— Task —
Begin at the line below that has "吳忠市水務(wù)局的工作人". Stop after the line that has "POWDER RM RENOVATION", repeating each line exactly and leaving out the pictures.

— Source information —
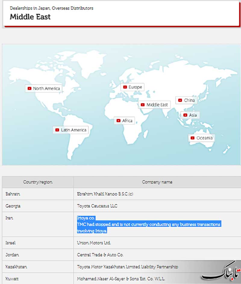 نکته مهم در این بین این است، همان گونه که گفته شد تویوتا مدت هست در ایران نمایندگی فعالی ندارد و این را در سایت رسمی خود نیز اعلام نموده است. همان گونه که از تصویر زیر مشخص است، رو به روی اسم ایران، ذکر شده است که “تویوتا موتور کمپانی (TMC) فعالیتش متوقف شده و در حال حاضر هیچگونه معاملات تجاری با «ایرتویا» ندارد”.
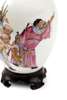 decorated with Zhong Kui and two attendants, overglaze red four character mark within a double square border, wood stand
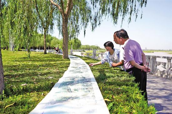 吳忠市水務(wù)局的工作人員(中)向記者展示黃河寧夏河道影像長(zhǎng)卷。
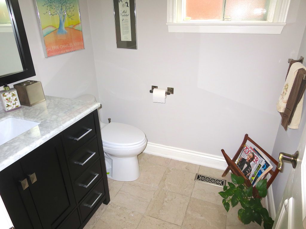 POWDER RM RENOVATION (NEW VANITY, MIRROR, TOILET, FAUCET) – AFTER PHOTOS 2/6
* * *
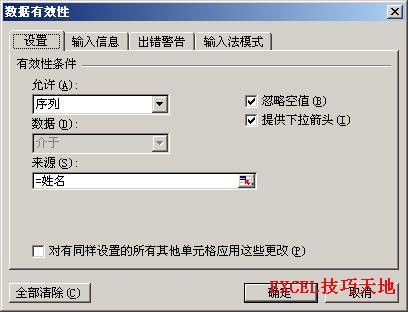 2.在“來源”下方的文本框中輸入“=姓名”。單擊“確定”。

— Answer to the problem —
 吳忠市水務(wù)局的工作人員(中)向記者展示黃河寧夏河道影像長(zhǎng)卷。
 POWDER RM RENOVATION (NEW VANITY, MIRROR, TOILET, FAUCET) – AFTER PHOTOS 2/6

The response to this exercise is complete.